Neither the SEC nor any other US federal or state securities commission or regulatory authority has approved or disapproved the New Melrose Ordinary Shares or passed an opinion on the adequacy of this Prospectus. Any representation to the contrary is a criminal offence in the United States.

Old Melrose and New Melrose are public limited companies incorporated under the laws of England and Wales. All of the Directors of Old Melrose and New Melrose are citizens or residents of countries other than the United States. Substantially all of the assets of such persons and a significant proportion of the assets of Old Melrose and New Melrose are located outside the United States. As a result, it may not be possible to effect service of process within the United States upon such persons, Old Melrose or New Melrose, or to enforce against them judgments of US courts, including judgments predicated upon civil liabilities under the securities laws of the United States or any state or territory within the United States. The United States and the United Kingdom do not have a treaty providing for the reciprocal recognition of judgements (other than arbitral awards) in civil and commercial matters. Consequently, a final and conclusive judgement by any federal or state court of the United States based on civil liability, whether or not predicated solely upon US federal securities laws, would not automatically be enforceable in England and Wales. In addition, it is doubtful whether the courts of England and Wales would accept jurisdiction and impose civil liability if proceedings were commenced in England or Wales in an original action predicated solely upon US federal securities laws.

Some financial and other numerical information in this Prospectus has been rounded and, as a result, the numerical figures shown as totals in this Prospectus may vary slightly from the exact arithmetic aggregation of the figures that precede them.

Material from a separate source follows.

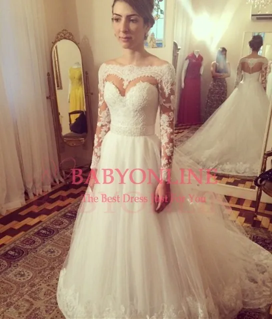White Wedding Dresses Long Sleeves Wedding Gown Lace Wedding Gowns
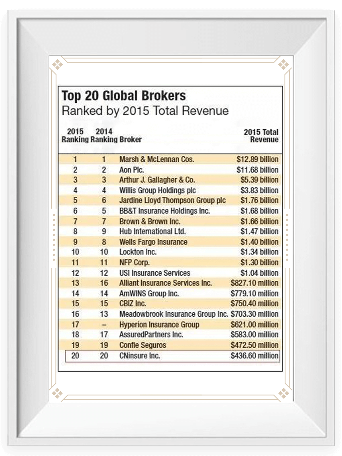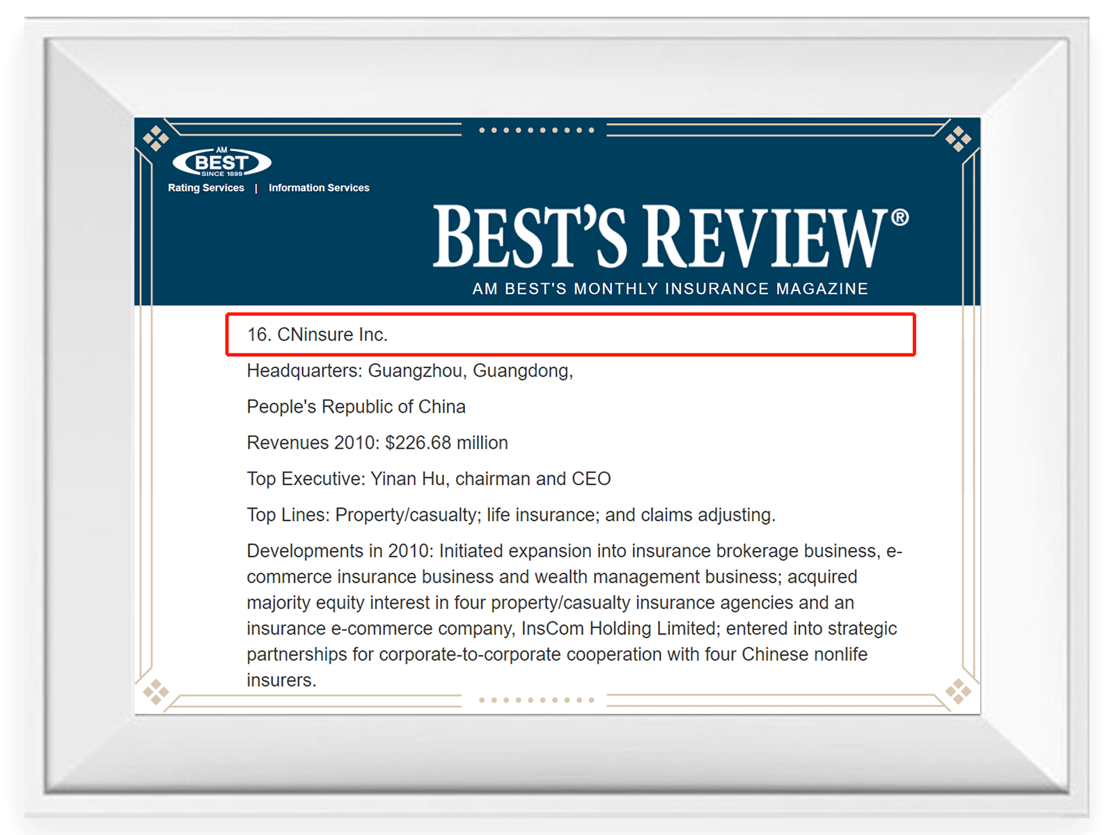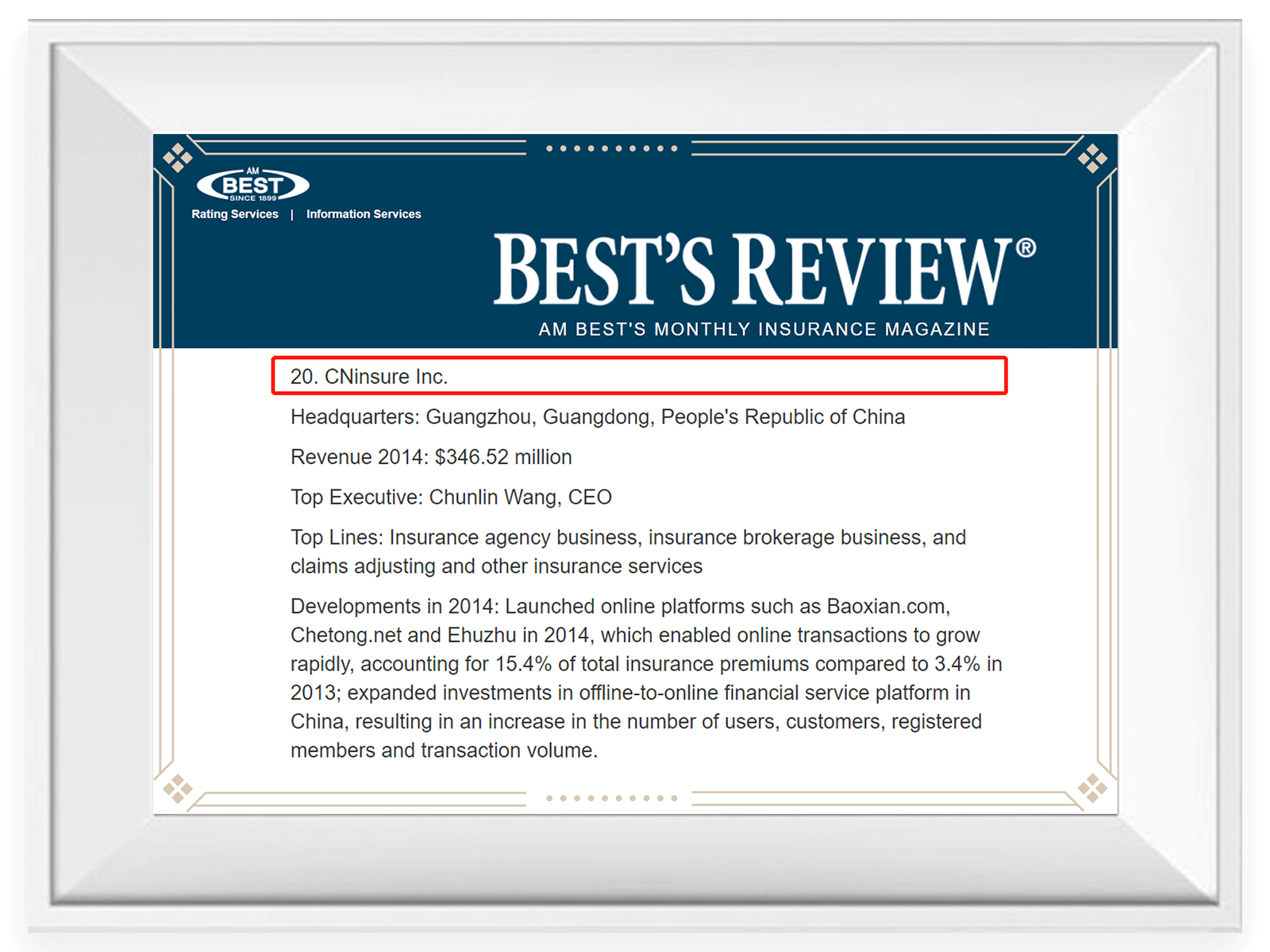泛华被著名评级机构贝氏公司评为全球前20大保险经代公司(连续四年、亚洲唯一入选)

The New Melrose Ordinary Shares have not been, and will not be, registered under the securities laws of any state or jurisdiction of the United States and, accordingly, will only be issued to the extent that exemptions from the registration or qualification requirements of state ''blue sky'' securities laws are available or such registration or qualification requirements have been complied with.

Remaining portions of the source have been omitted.